Collected data:
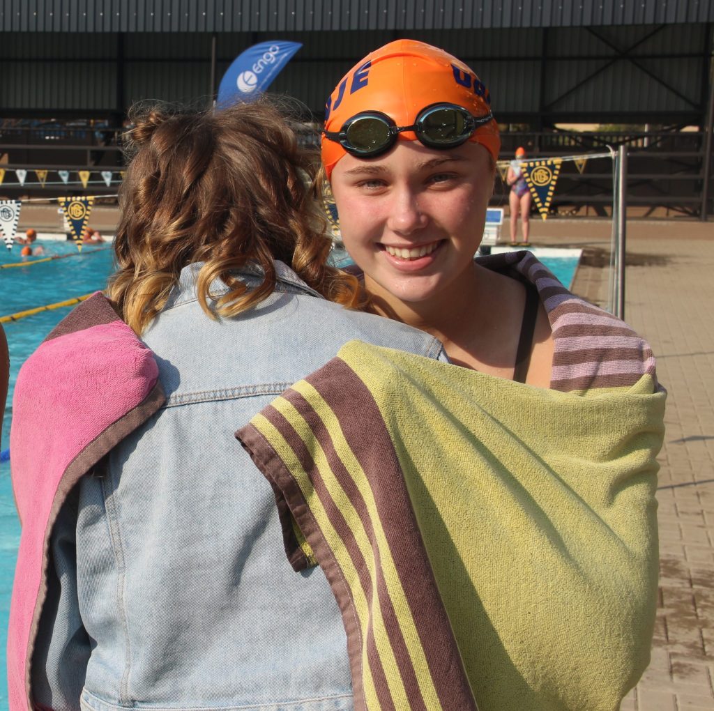 In stede van ‘n nommer op die skouer, het die meisies wat deelgeneem het elk ‘n naam van ‘n meisie op haar skouer geskryf gehad – elke leerling kon vanjaar die naam van ‘n tienermeisie van een van Engo se jeugsorgsentrums trek en so vir ‘n spesifieke meisie swem. Die leerlinge het ook vir die meisies elk ‘n geskenkie gegee.
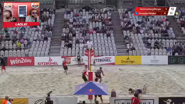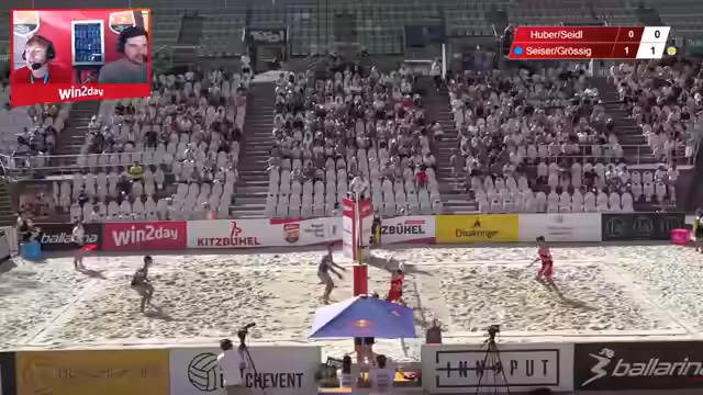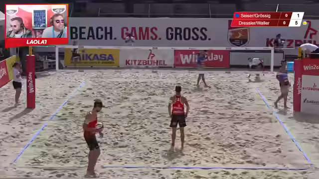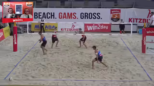 02:48:18Das Live-Stream von den Austrian Beach Volleyball Championships beginnt mit dem Kommentator, der die Atmosphäre beschreibt und sich über die Vorlieben des Chats lustig macht. Es folgt die Vorstellung der beiden Schiedsrichterinnen, Andy Lippe und Verena Röcker, sowie der Teams. Für Team Blau spielen Matthias Seiser, der unbedingt ins Finale will, und der sehr starke Lorenz Krössig. Für Team Rot stehen sich Chris Dressler, einer der besten Blockspieler Österreichs, und Philipp Waller gegenüber, der als Mr. Bock bezeichnet wird. Es wird eine spannungsgeladene Rivalie zwischen Seiser und Waller erwähnt, die auch Ex-WG-Kollegen sind.
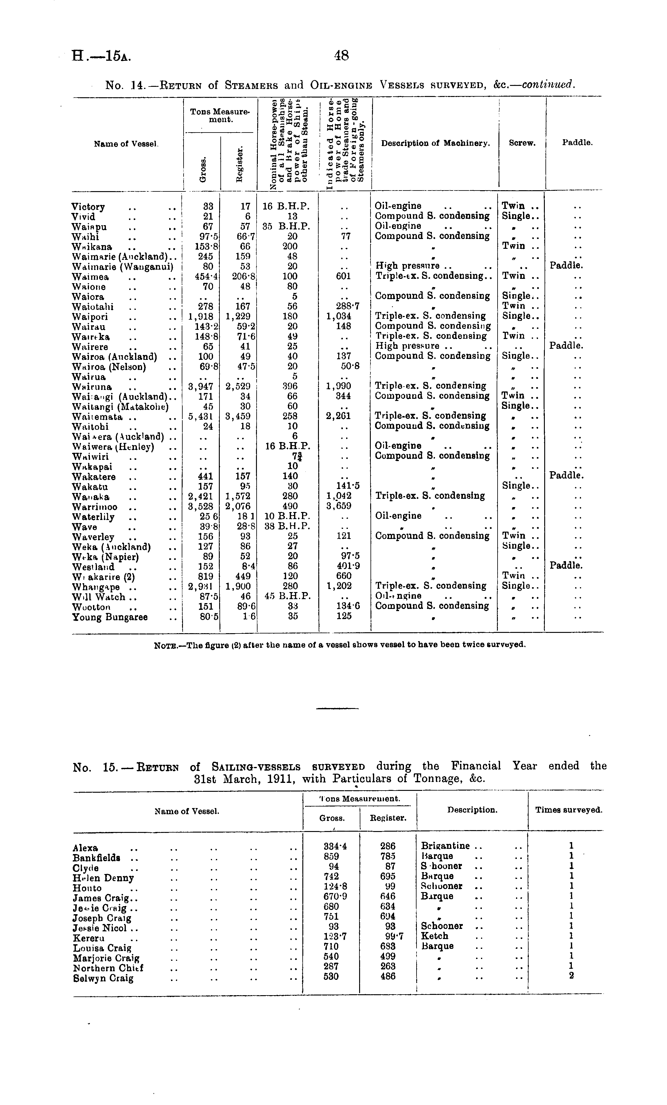 No. 15.—Return of Sailing-vessels surveyed during the Financial Year ended the 31st March, 1911, with Particulars of Tonnage, &c.
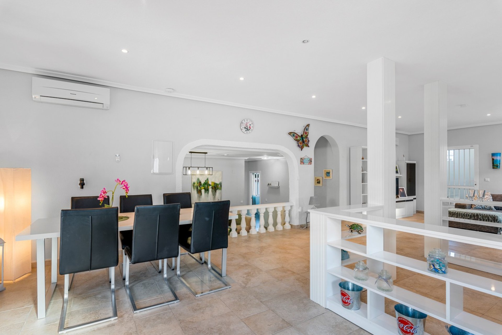 Unique large villa with 6 bedrooms, in the heart of San Miguel de Salinas. The house is located on the south side of the Costa Blanca, in the middle of an urbanization outside the city of San Miguel, which is located between Torrevieja and Murcia. Just a short drive to La Zenia, Villa Martin and Torrevieja.
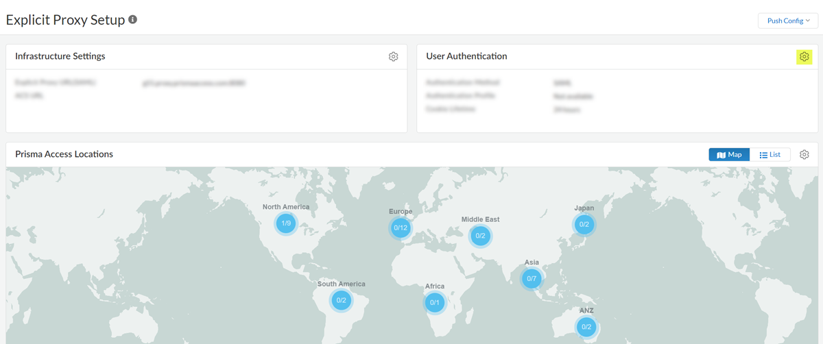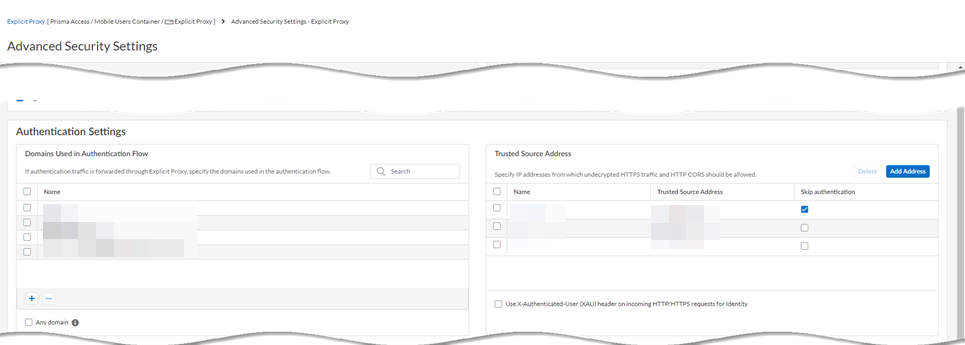 Save your changes.(Optional) Add the egress IP addresses of the branch or campus location where your users, servers, IoT devices, or headless machines are located to the list of trusted Explicit Proxy addresses.You need to do this only if you want to Skip Authentication for specific IP addresses or Use X-Authenticated User (XAU) header on incoming HTTP/HTTPS requests for identity.- Go to Configuration NGFW and Prisma Access and set Configuration Scope to Prisma Access. Select Explicit ProxyAdvanced Security Settings.
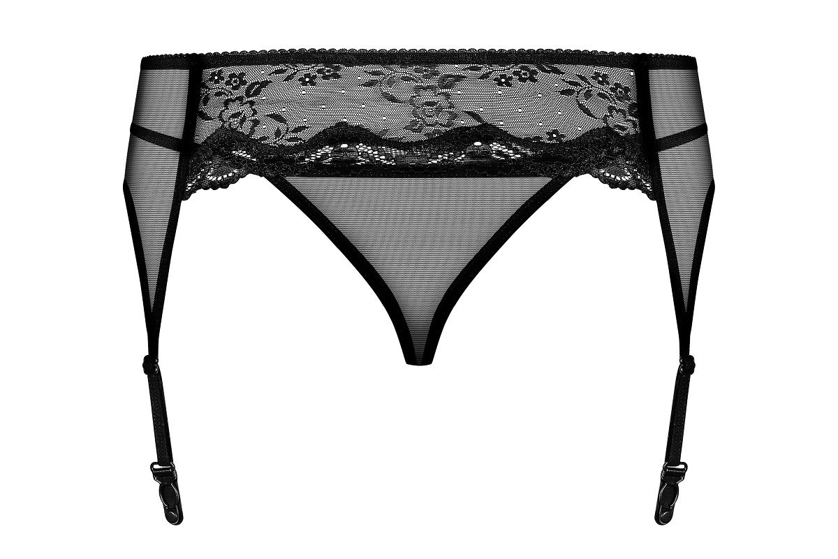 Элегантный пояс для чулок со стильным мотивом. Цветочное кружево на передней и задней части пояса, украшен сверкающими камнями. Трусиик-стринги в комплекте. В комплекте: пояс для чулок, трусики-стринги.
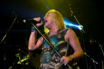 Nu was het alleen nog wachten op de band die heel wat aanhangers had en die op deze Vostertfeesten in 2012 al de pannen van het dak speelden. En dit jaar zouden ze nog beter doen hadden ze beloofd. De band waarover we het hebben is niemand minder dan Uriah Heep. Het werd drummen op de voorste rijen tegen de tijd dat de jongens zouden beginnen spelen. Ze kwamen één voor één het podium op met frontman Bernie Shaw als laatste. Het geluid was heel wat decibels hoger dan bij de vorige optredens. Van bij het begin dreunden de zware bas tonen door merg en been. Bernie bespeelde al dadelijk zijn publiek terwijl hij het hele podium in beslag nam. Er werd gestart met nummers als ‘Overload’, ‘Sunrise’ en ‘Stealin’ en wat onbekende nummers. Drummer Russell Gilbrook teisterde zijn Natal drums met dubbele bas drum of was het zijn laatste concert. Het publiek danste en de armen waren constant in de lucht. Het is niet mijn soort muziek en het was al zeker veel te luid, maar gelukkig verschillen smaken want het overgrote deel van het aanwezige publiek had het duidelijk naar hun zin. En dat is toch de bedoeling, of niet? Naarmate het concert vorderde en het publiek behoorlijk opgewarmd geraakte kwam het betere en oudere werk met ‘Look At Yourself’,’Gypsy’ en ‘Lady In Black’. Zanger Bernie Shaw daagde het publiek ook uit om mee te zingen. Het einde van het concert kwam voor velen weer te vroeg en er werd luid op we want more geroepen. En het publiek kreeg wat het wilde, meer en zelfs veel meer. Tijdens ‘Free’N’Easy’ nodigde Bernie al de dames uit op met de band te komen swingen op het podium. Dat kwam niet in dovemans oren terecht want er slaagden ongeveer twintig dames om een plaats te bemachtigen naast hun idolen. Ze beleefden een fantastische avond. Als laatste toegift speelden Mick, Bernie, Phil, Russell en Davey de grootste hit die Uriah Heep ooit gehad heeft. Bij deze ‘Easy Livin’ ging het dak er bijna af. Het was voor Uriah Heep een zegetocht over de ganse lijn, wat hun een oorverdovend applaus opleverde. Spijtig genoeg geen filmpjes van Uriah Heep en alleen maar foto’s omdat men maar tijdens de drie eerste nummers opnamen mocht maken. Volgend jaar wordt het een jubileum editie want dan krijgen we de vijftiende editie van de Vostertfeesten.
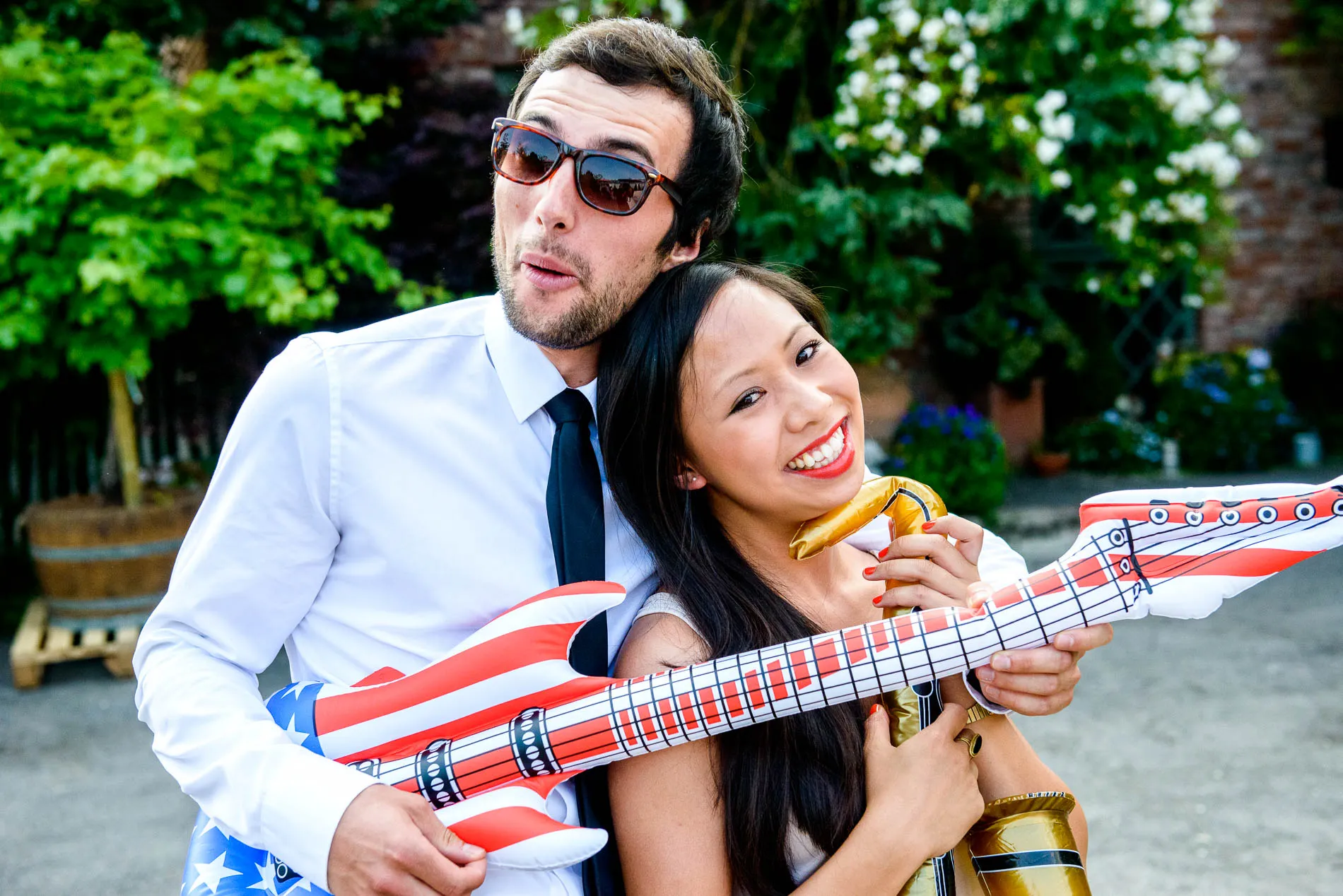 Bei der Ankunft wurde das Brautpaar mit Blüten, Reis und erneut Seifenblasen begrüßt. Dazu gesellten sich Luftrüssel und Rolltröten – eine akustische Mischung, die irgendwo zwischen Kindergeburtstag und Karneval liegt, aber erstaunlich gut funktioniert, wenn alle glücklich sind.

▶ **The task**
Please repeat each line above exactly as it appears, but omit the pictures.

▶ **Reply to the task**
 In stede van ‘n nommer op die skouer, het die meisies wat deelgeneem het elk ‘n naam van ‘n meisie op haar skouer geskryf gehad – elke leerling kon vanjaar die naam van ‘n tienermeisie van een van Engo se jeugsorgsentrums trek en so vir ‘n spesifieke meisie swem. Die leerlinge het ook vir die meisies elk ‘n geskenkie gegee.
 02:48:18Das Live-Stream von den Austrian Beach Volleyball Championships beginnt mit dem Kommentator, der die Atmosphäre beschreibt und sich über die Vorlieben des Chats lustig macht. Es folgt die Vorstellung der beiden Schiedsrichterinnen, Andy Lippe und Verena Röcker, sowie der Teams. Für Team Blau spielen Matthias Seiser, der unbedingt ins Finale will, und der sehr starke Lorenz Krössig. Für Team Rot stehen sich Chris Dressler, einer der besten Blockspieler Österreichs, und Philipp Waller gegenüber, der als Mr. Bock bezeichnet wird. Es wird eine spannungsgeladene Rivalie zwischen Seiser und Waller erwähnt, die auch Ex-WG-Kollegen sind.
 No. 15.—Return of Sailing-vessels surveyed during the Financial Year ended the 31st March, 1911, with Particulars of Tonnage, &c.
 Unique large villa with 6 bedrooms, in the heart of San Miguel de Salinas. The house is located on the south side of the Costa Blanca, in the middle of an urbanization outside the city of San Miguel, which is located between Torrevieja and Murcia. Just a short drive to La Zenia, Villa Martin and Torrevieja.
 Save your changes.(Optional) Add the egress IP addresses of the branch or campus location where your users, servers, IoT devices, or headless machines are located to the list of trusted Explicit Proxy addresses.You need to do this only if you want to Skip Authentication for specific IP addresses or Use X-Authenticated User (XAU) header on incoming HTTP/HTTPS requests for identity.- Go to Configuration NGFW and Prisma Access and set Configuration Scope to Prisma Access. Select Explicit ProxyAdvanced Security Settings.
 Элегантный пояс для чулок со стильным мотивом. Цветочное кружево на передней и задней части пояса, украшен сверкающими камнями. Трусиик-стринги в комплекте. В комплекте: пояс для чулок, трусики-стринги.
 Nu was het alleen nog wachten op de band die heel wat aanhangers had en die op deze Vostertfeesten in 2012 al de pannen van het dak speelden. En dit jaar zouden ze nog beter doen hadden ze beloofd. De band waarover we het hebben is niemand minder dan Uriah Heep. Het werd drummen op de voorste rijen tegen de tijd dat de jongens zouden beginnen spelen. Ze kwamen één voor één het podium op met frontman Bernie Shaw als laatste. Het geluid was heel wat decibels hoger dan bij de vorige optredens. Van bij het begin dreunden de zware bas tonen door merg en been. Bernie bespeelde al dadelijk zijn publiek terwijl hij het hele podium in beslag nam. Er werd gestart met nummers als ‘Overload’, ‘Sunrise’ en ‘Stealin’ en wat onbekende nummers. Drummer Russell Gilbrook teisterde zijn Natal drums met dubbele bas drum of was het zijn laatste concert. Het publiek danste en de armen waren constant in de lucht. Het is niet mijn soort muziek en het was al zeker veel te luid, maar gelukkig verschillen smaken want het overgrote deel van het aanwezige publiek had het duidelijk naar hun zin. En dat is toch de bedoeling, of niet? Naarmate het concert vorderde en het publiek behoorlijk opgewarmd geraakte kwam het betere en oudere werk met ‘Look At Yourself’,’Gypsy’ en ‘Lady In Black’. Zanger Bernie Shaw daagde het publiek ook uit om mee te zingen. Het einde van het concert kwam voor velen weer te vroeg en er werd luid op we want more geroepen. En het publiek kreeg wat het wilde, meer en zelfs veel meer. Tijdens ‘Free’N’Easy’ nodigde Bernie al de dames uit op met de band te komen swingen op het podium. Dat kwam niet in dovemans oren terecht want er slaagden ongeveer twintig dames om een plaats te bemachtigen naast hun idolen. Ze beleefden een fantastische avond. Als laatste toegift speelden Mick, Bernie, Phil, Russell en Davey de grootste hit die Uriah Heep ooit gehad heeft. Bij deze ‘Easy Livin’ ging het dak er bijna af. Het was voor Uriah Heep een zegetocht over de ganse lijn, wat hun een oorverdovend applaus opleverde. Spijtig genoeg geen filmpjes van Uriah Heep en alleen maar foto’s omdat men maar tijdens de drie eerste nummers opnamen mocht maken. Volgend jaar wordt het een jubileum editie want dan krijgen we de vijftiende editie van de Vostertfeesten.
 Bei der Ankunft wurde das Brautpaar mit Blüten, Reis und erneut Seifenblasen begrüßt. Dazu gesellten sich Luftrüssel und Rolltröten – eine akustische Mischung, die irgendwo zwischen Kindergeburtstag und Karneval liegt, aber erstaunlich gut funktioniert, wenn alle glücklich sind.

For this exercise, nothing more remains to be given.